Term or near term infants with moderate to severe hypoxic ischemic encephalopathy causing neonatal seizures may be treated with therapeutic hypothermia.

== Outcomes ==
With prompt diagnosis, mortality after diagnosis of neonatal seizures has decreased dramatically from an estimated 33% in the 1990s to around 10% in the 2010s. Underlying cause of the seizure remains the greatest predictor of ongoing seizures and neurologic problems later in life. Controversy remains with the extent of damage the seizures themselves cause. Clinician consensus is that frequent or intractable seizures (status epilepticus) leads to neuronal damage and are associated with later neurodevelopment problems.

Infants that are premature, have hypoxemic ischemic encephalopathy, CNS infection, severe intraventricular hemorrhage, structural central nervous system defect, or severely abnormal EEG tracings have a worse prognosis.

Low Apgar scores, need for resuscitation at birth, and perinatal distress place the neonate at greater risk for seizures".

For all infants with neonatal seizures regardless of cause, the rate of subsequent seizures during childhood is estimated between 10 and 20%. Infants who survive severe global HIE have the highest rate of epilepsy later in life.

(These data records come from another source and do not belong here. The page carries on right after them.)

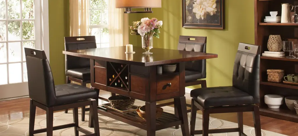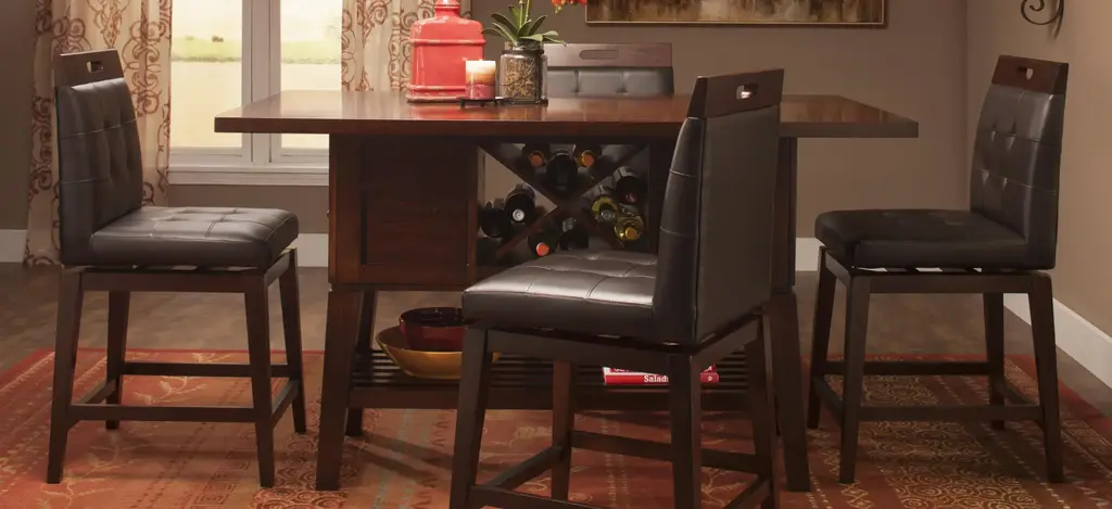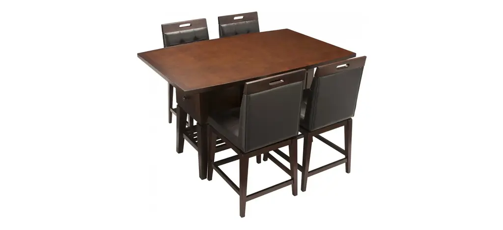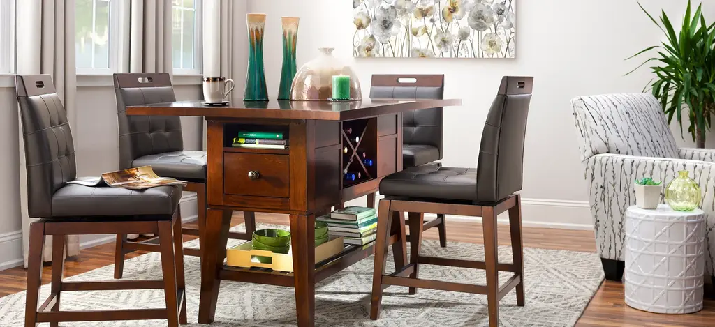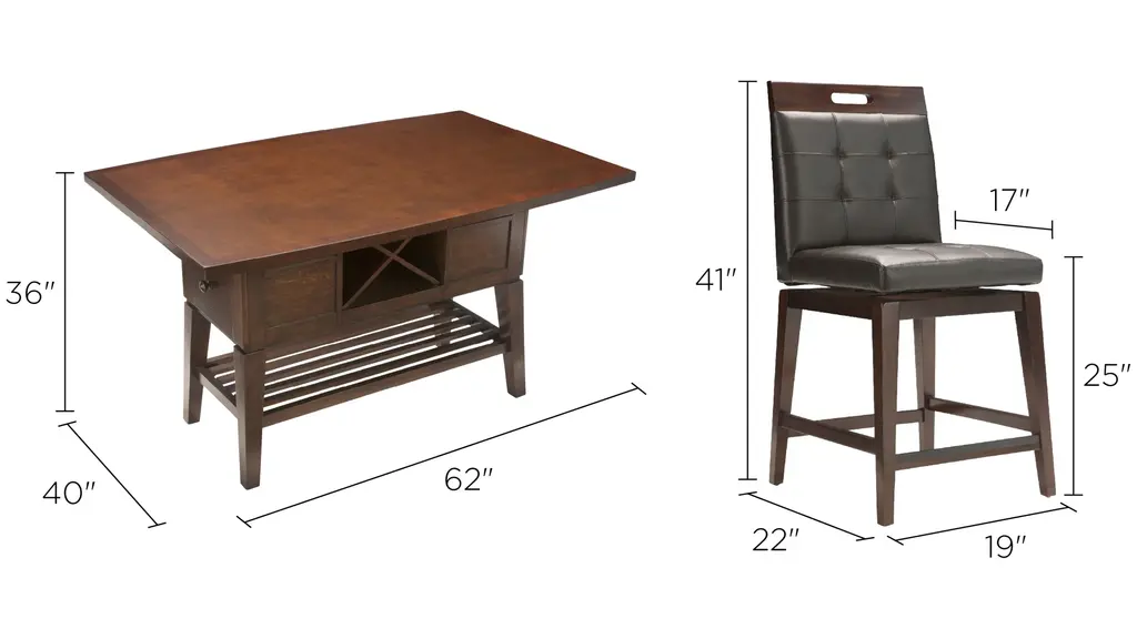 The Danfield 5-pc. counter-height dining set marries style and storage. Perfect for entertaining, the table has a removable wine rack to keep extra bottles handy. Drawers and nooks on either end of the table offer convenient storage for napkin rings, candles and other table accessories. Use the lower shelf for added storage or holiday display. The stool swivels 180 degrees and features footrests as well as a comfortable padded seat and back to encourage family members and guests alike to linger long after the meal is done.
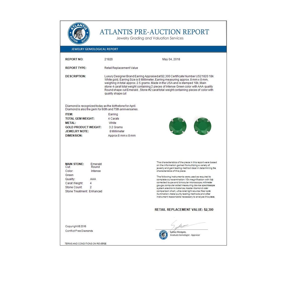REF-34T5M -21820 ---- 4 CTW Emerald Designer Inspired Solitaire Stud Earrings 18K White Gold ---- Luxury Designer Brand Earring Appraised at $2,300 Certificate Number US21820 18k White gold, Earring Size is 8 Millimeter, Earring measuring approx. 8 mm x 8 mm, weighing in total approx. 2.5 grams. Made in the USA and is stamped 18k, Main stone 4 carat total weight containing 2 pieces of Intense Green color with AAA quality Round shape cut Emerald , Stone #2 carat total weight containing pieces of color with quality shape cut
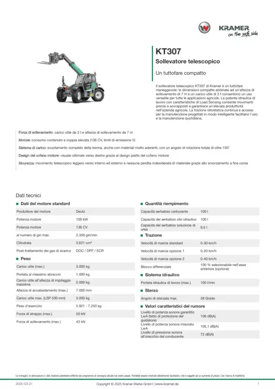 Il sollevatore telescopico KT307 di Kramer è un tuttofare maneggevole: le dimensioni compatte abbinate ad un'altezza di sollevamento di 7 m e un carico utile di 3 t consentono un uso versatile per tutte le applicazioni agricole. La potente idraulica di lavoro con caratteristiche di Load Sensing consente movimenti precisi e sovrapposti e garantisce un'elevata produttività nell'azienda agricola. La trazione idrostatica continua e accessi per la manutenzione progettati in modo intelligente facilitano l'uso e la manutenzione quotidiana.

Untreated or repeated neonatal seizures, especially prolonged seizures or status epilepticus, are associated with hippocampal sclerosis later in life.

== Epidemiology ==
It is difficult to determine the incidence of seizures in the neonatal period. Estimations range between 1-5 per 1,000 live births, with other estimates being 1.1 cases per 1,000 live births in full term infants and 14 cases per 1,000 live births in preterm infants. The actual rate of seizures during the neonatal period may be higher due to a lack of accurate diagnosis of sub-clinical seizure activity without continuous EEG monitoring. The epidemiology moreover varies in high-income countries (HIC) from that in low-income ones (LIC). The incidence is estimated to be 1-3 per 1000 live births in HIC whereas it ranges from 36 to 90 per live birth in LIC. Acute causes of seizures (hypoxemic ischemic encephalopathy, infection, intracranial hemorrhage, stroke, etc.) are more common than the first episode of neonatal epilepsy syndromes.

== Research directions ==
Since interpretation of continuous EEG monitoring requires a trained neurologist, automated interpretation software has been proposed. Algorithms and machine learning have been studied, however logistical and mathematic challenges remain.